Where the listing shows an image, skip it and output all other material unchanged.

━━━━━━━━━━━━━━━━━━━━━━━━━━━━━━

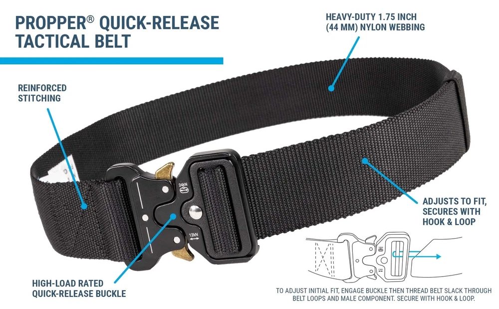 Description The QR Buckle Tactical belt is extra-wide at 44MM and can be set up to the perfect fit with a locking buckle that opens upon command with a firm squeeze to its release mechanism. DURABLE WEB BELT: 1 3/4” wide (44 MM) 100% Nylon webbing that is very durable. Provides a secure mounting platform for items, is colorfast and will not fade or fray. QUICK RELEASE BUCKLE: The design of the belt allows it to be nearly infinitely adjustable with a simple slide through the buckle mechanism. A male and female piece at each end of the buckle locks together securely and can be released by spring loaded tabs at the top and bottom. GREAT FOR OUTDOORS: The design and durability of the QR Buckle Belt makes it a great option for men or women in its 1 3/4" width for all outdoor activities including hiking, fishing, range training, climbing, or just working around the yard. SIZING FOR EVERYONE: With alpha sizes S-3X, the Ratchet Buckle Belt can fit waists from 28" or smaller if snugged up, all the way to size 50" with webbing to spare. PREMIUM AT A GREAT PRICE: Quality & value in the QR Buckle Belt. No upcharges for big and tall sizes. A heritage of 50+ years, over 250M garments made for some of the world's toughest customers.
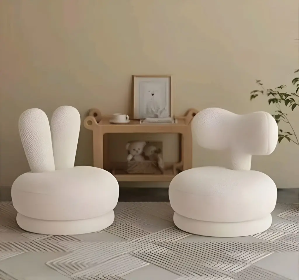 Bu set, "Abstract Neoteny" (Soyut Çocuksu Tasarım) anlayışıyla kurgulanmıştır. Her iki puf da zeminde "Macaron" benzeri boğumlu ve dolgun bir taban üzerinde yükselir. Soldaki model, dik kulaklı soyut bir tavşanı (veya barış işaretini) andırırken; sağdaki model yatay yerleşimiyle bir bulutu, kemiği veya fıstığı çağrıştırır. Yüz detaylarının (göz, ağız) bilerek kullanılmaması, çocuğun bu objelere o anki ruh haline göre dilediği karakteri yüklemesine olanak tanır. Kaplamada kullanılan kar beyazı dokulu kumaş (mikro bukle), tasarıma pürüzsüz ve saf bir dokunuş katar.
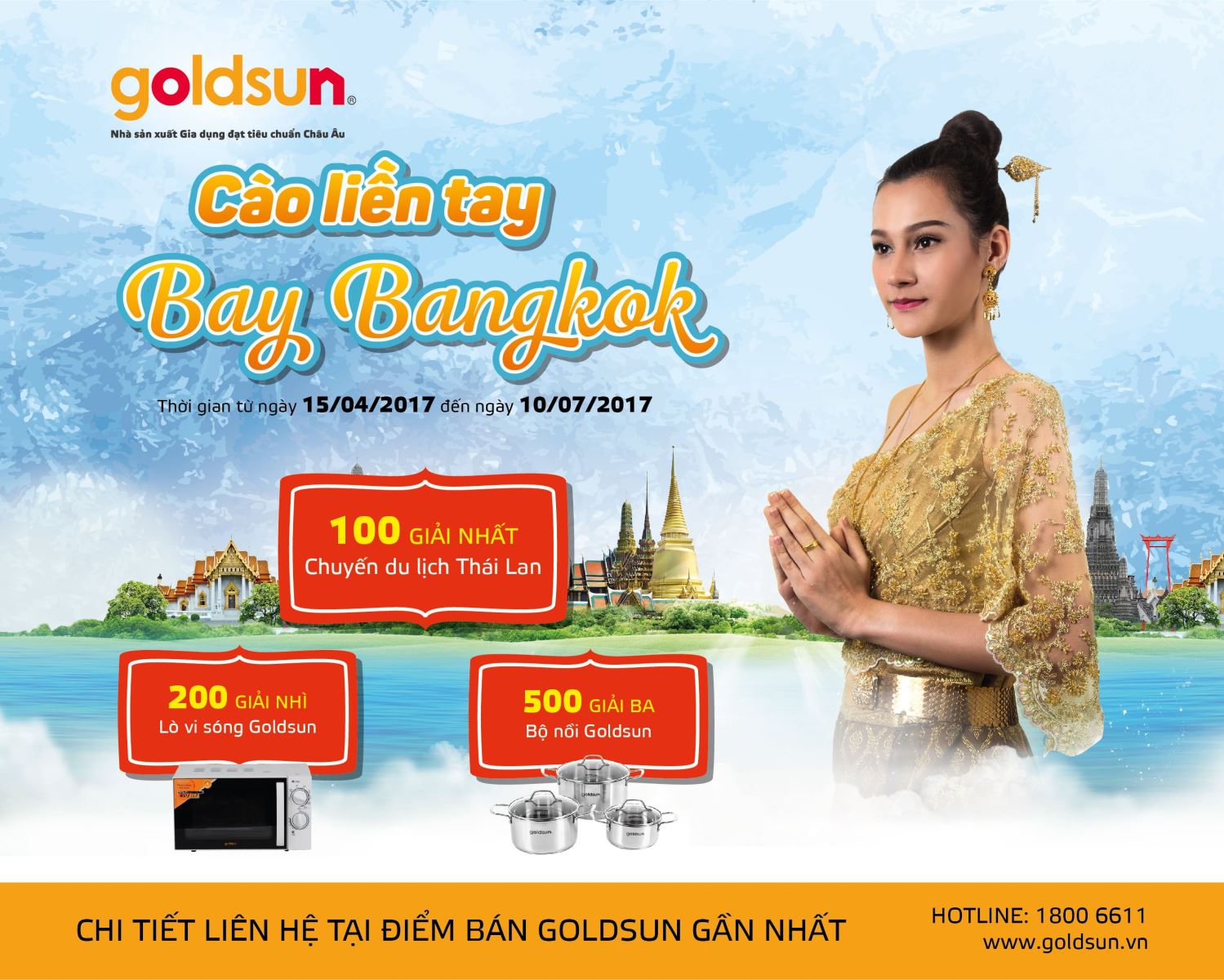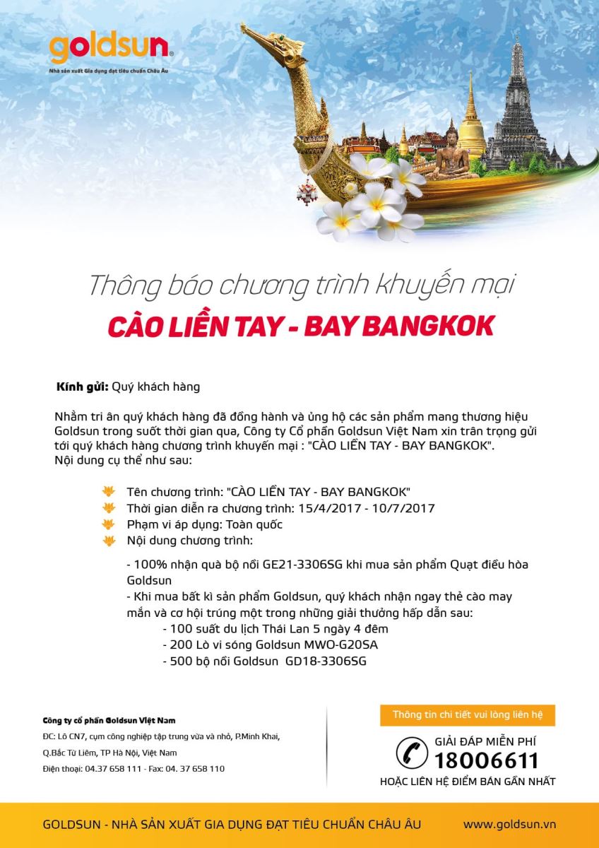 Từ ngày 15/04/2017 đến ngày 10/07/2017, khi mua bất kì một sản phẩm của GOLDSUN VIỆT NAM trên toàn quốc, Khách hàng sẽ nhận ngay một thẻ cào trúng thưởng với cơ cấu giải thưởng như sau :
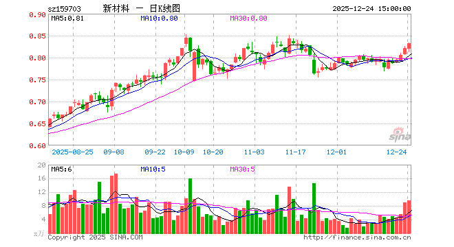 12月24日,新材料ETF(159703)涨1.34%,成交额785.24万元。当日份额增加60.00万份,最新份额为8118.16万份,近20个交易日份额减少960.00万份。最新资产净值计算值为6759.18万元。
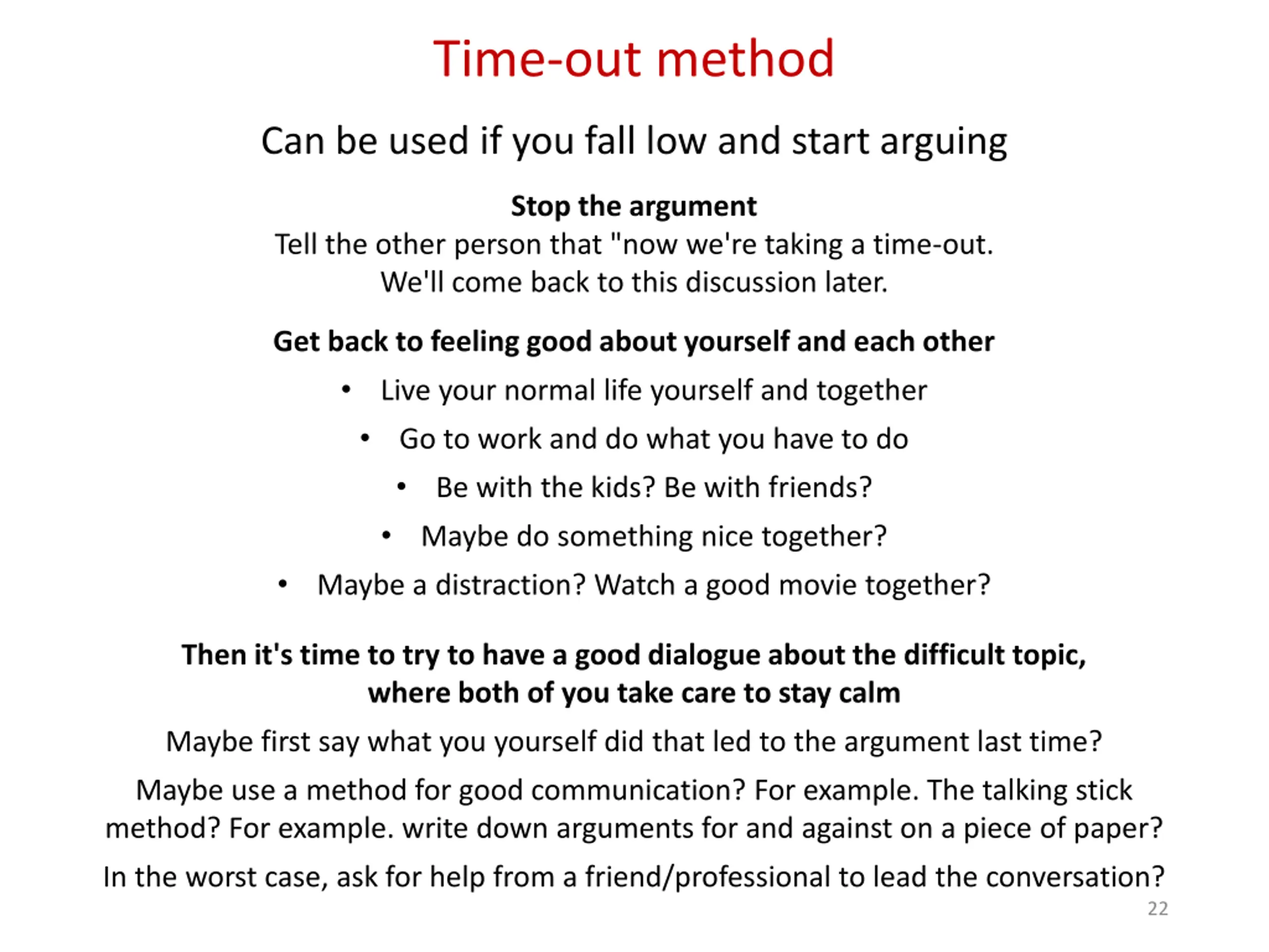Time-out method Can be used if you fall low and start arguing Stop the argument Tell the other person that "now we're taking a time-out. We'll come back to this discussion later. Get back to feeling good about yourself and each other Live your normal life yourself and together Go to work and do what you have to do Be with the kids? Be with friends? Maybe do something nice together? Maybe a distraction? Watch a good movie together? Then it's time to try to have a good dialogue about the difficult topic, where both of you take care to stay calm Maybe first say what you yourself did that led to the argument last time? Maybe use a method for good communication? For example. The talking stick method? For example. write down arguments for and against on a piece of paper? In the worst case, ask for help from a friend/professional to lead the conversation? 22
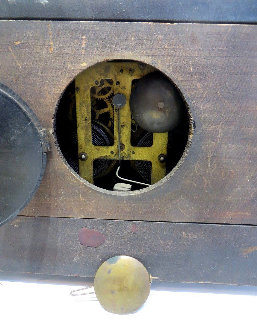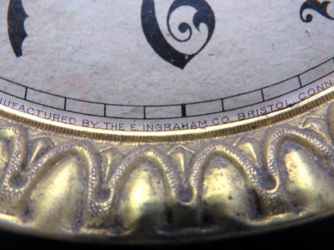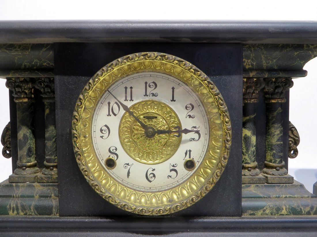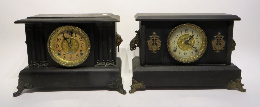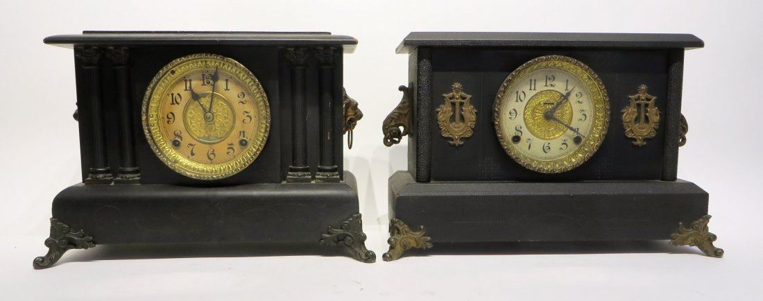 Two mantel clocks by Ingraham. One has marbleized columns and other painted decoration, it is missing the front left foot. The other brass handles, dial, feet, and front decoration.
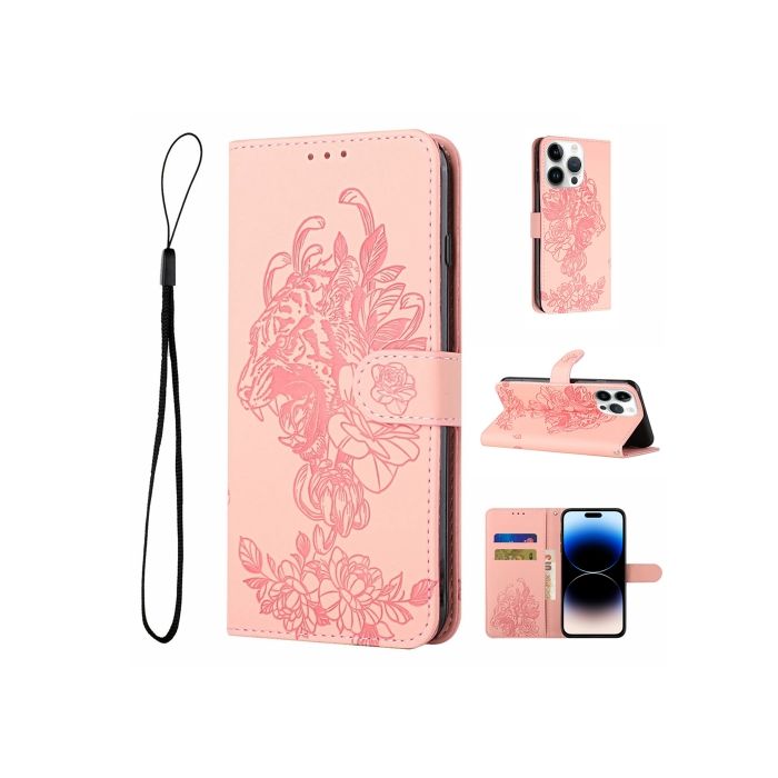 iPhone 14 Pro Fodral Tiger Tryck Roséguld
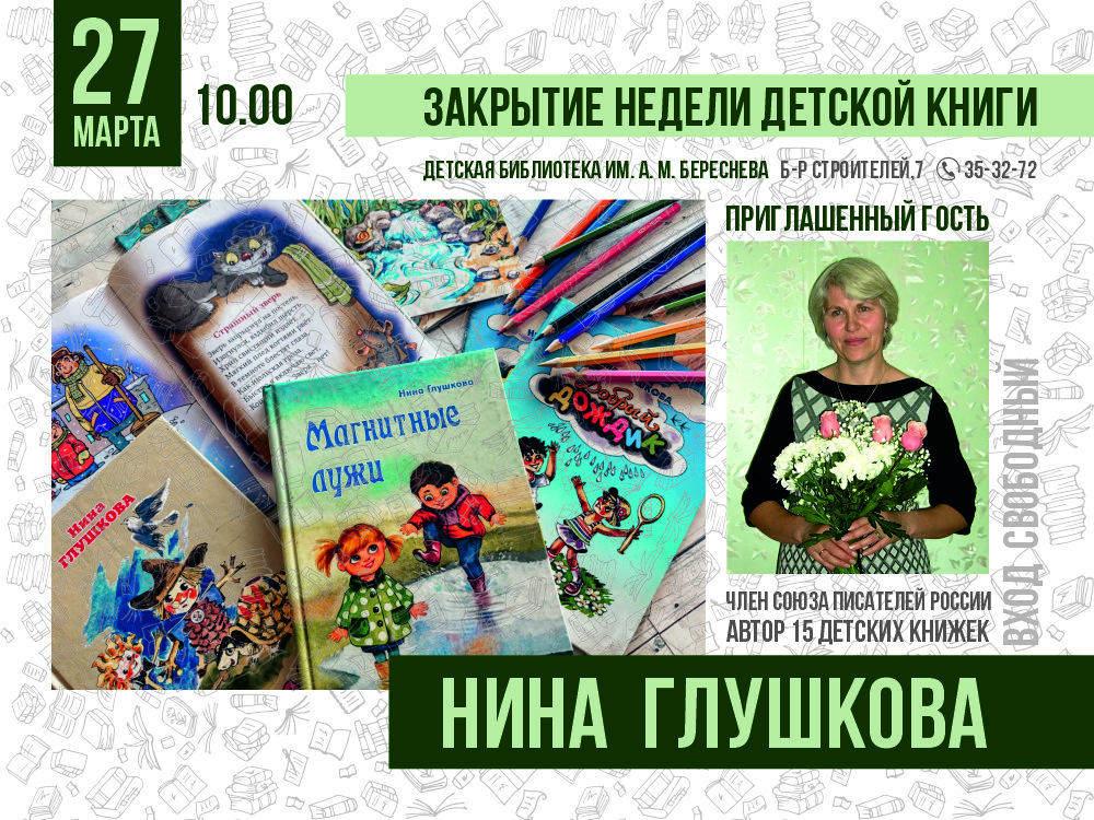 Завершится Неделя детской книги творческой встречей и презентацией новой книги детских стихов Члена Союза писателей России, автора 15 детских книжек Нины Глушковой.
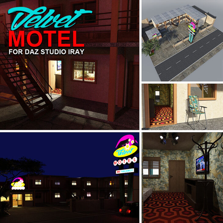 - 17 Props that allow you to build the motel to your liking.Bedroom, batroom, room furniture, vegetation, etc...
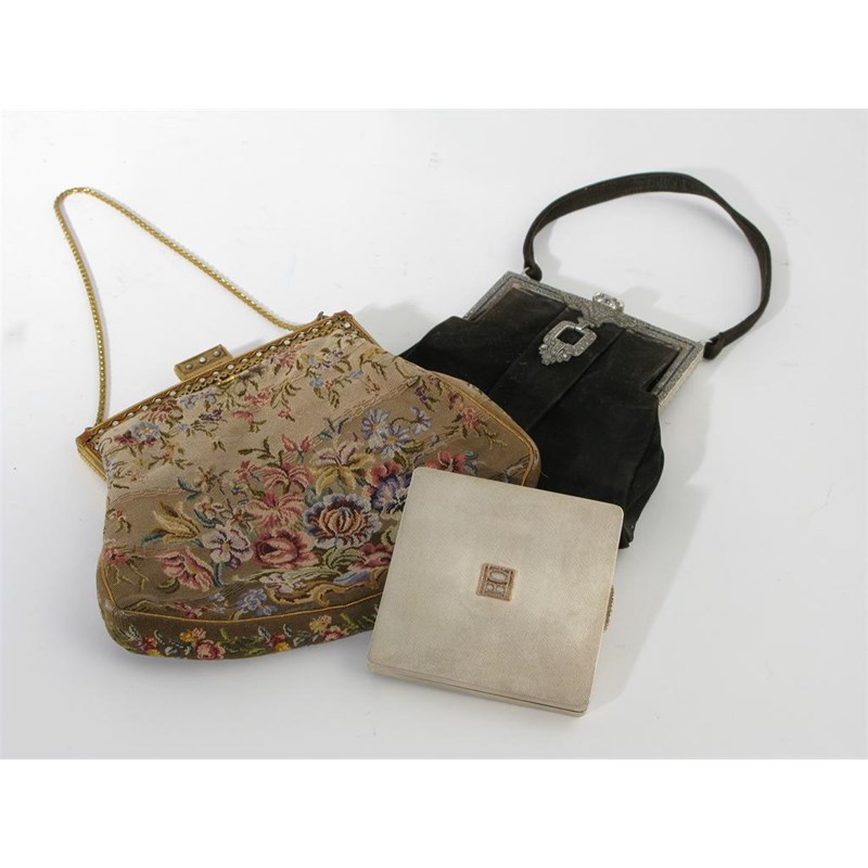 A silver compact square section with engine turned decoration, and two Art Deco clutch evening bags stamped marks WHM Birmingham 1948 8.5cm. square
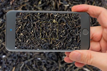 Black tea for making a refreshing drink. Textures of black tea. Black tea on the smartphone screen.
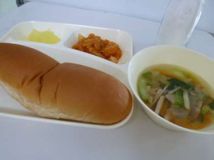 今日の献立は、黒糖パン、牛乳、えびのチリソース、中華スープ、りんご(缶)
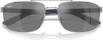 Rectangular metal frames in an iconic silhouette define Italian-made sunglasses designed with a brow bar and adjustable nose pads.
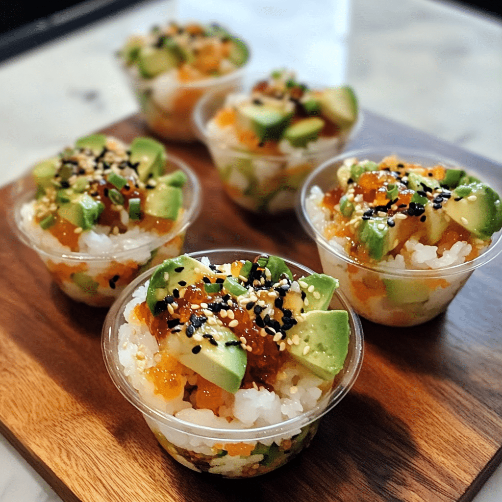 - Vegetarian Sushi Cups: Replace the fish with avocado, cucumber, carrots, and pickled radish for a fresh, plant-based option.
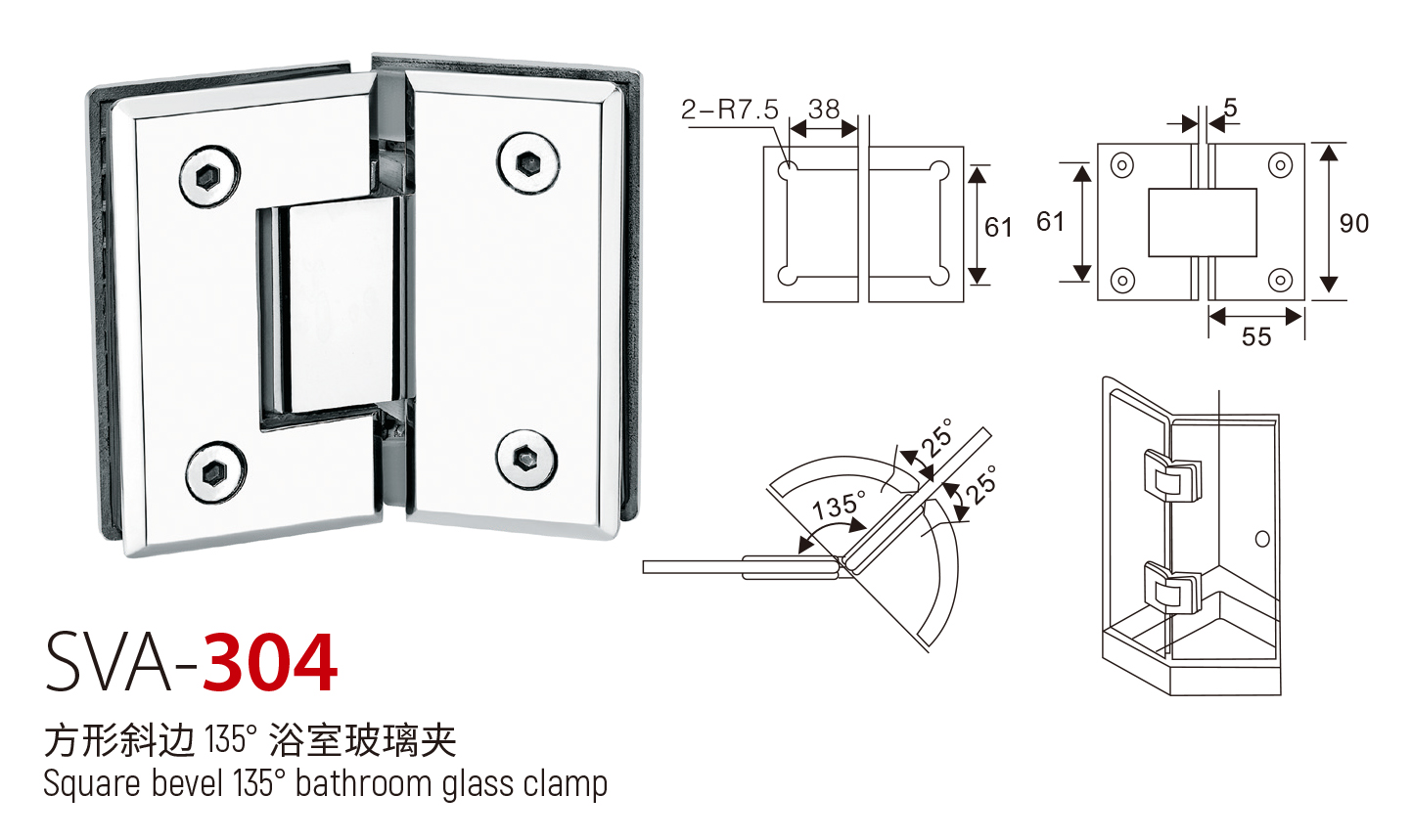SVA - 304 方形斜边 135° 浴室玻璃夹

━━━━━━━━━━━━━━━━━━━━━━━━━━━━━━

• _Answer_
 Description The QR Buckle Tactical belt is extra-wide at 44MM and can be set up to the perfect fit with a locking buckle that opens upon command with a firm squeeze to its release mechanism. DURABLE WEB BELT: 1 3/4” wide (44 MM) 100% Nylon webbing that is very durable. Provides a secure mounting platform for items, is colorfast and will not fade or fray. QUICK RELEASE BUCKLE: The design of the belt allows it to be nearly infinitely adjustable with a simple slide through the buckle mechanism. A male and female piece at each end of the buckle locks together securely and can be released by spring loaded tabs at the top and bottom. GREAT FOR OUTDOORS: The design and durability of the QR Buckle Belt makes it a great option for men or women in its 1 3/4" width for all outdoor activities including hiking, fishing, range training, climbing, or just working around the yard. SIZING FOR EVERYONE: With alpha sizes S-3X, the Ratchet Buckle Belt can fit waists from 28" or smaller if snugged up, all the way to size 50" with webbing to spare. PREMIUM AT A GREAT PRICE: Quality & value in the QR Buckle Belt. No upcharges for big and tall sizes. A heritage of 50+ years, over 250M garments made for some of the world's toughest customers.
 Bu set, "Abstract Neoteny" (Soyut Çocuksu Tasarım) anlayışıyla kurgulanmıştır. Her iki puf da zeminde "Macaron" benzeri boğumlu ve dolgun bir taban üzerinde yükselir. Soldaki model, dik kulaklı soyut bir tavşanı (veya barış işaretini) andırırken; sağdaki model yatay yerleşimiyle bir bulutu, kemiği veya fıstığı çağrıştırır. Yüz detaylarının (göz, ağız) bilerek kullanılmaması, çocuğun bu objelere o anki ruh haline göre dilediği karakteri yüklemesine olanak tanır. Kaplamada kullanılan kar beyazı dokulu kumaş (mikro bukle), tasarıma pürüzsüz ve saf bir dokunuş katar.
 Từ ngày 15/04/2017 đến ngày 10/07/2017, khi mua bất kì một sản phẩm của GOLDSUN VIỆT NAM trên toàn quốc, Khách hàng sẽ nhận ngay một thẻ cào trúng thưởng với cơ cấu giải thưởng như sau :
 12月24日,新材料ETF(159703)涨1.34%,成交额785.24万元。当日份额增加60.00万份,最新份额为8118.16万份,近20个交易日份额减少960.00万份。最新资产净值计算值为6759.18万元。
Time-out method Can be used if you fall low and start arguing Stop the argument Tell the other person that "now we're taking a time-out. We'll come back to this discussion later. Get back to feeling good about yourself and each other Live your normal life yourself and together Go to work and do what you have to do Be with the kids? Be with friends? Maybe do something nice together? Maybe a distraction? Watch a good movie together? Then it's time to try to have a good dialogue about the difficult topic, where both of you take care to stay calm Maybe first say what you yourself did that led to the argument last time? Maybe use a method for good communication? For example. The talking stick method? For example. write down arguments for and against on a piece of paper? In the worst case, ask for help from a friend/professional to lead the conversation? 22
 Two mantel clocks by Ingraham. One has marbleized columns and other painted decoration, it is missing the front left foot. The other brass handles, dial, feet, and front decoration.
 iPhone 14 Pro Fodral Tiger Tryck Roséguld
 Завершится Неделя детской книги творческой встречей и презентацией новой книги детских стихов Члена Союза писателей России, автора 15 детских книжек Нины Глушковой.
 - 17 Props that allow you to build the motel to your liking.Bedroom, batroom, room furniture, vegetation, etc...
 A silver compact square section with engine turned decoration, and two Art Deco clutch evening bags stamped marks WHM Birmingham 1948 8.5cm. square
 Black tea for making a refreshing drink. Textures of black tea. Black tea on the smartphone screen.
 今日の献立は、黒糖パン、牛乳、えびのチリソース、中華スープ、りんご(缶)
 Rectangular metal frames in an iconic silhouette define Italian-made sunglasses designed with a brow bar and adjustable nose pads.
 - Vegetarian Sushi Cups: Replace the fish with avocado, cucumber, carrots, and pickled radish for a fresh, plant-based option.
SVA - 304 方形斜边 135° 浴室玻璃夹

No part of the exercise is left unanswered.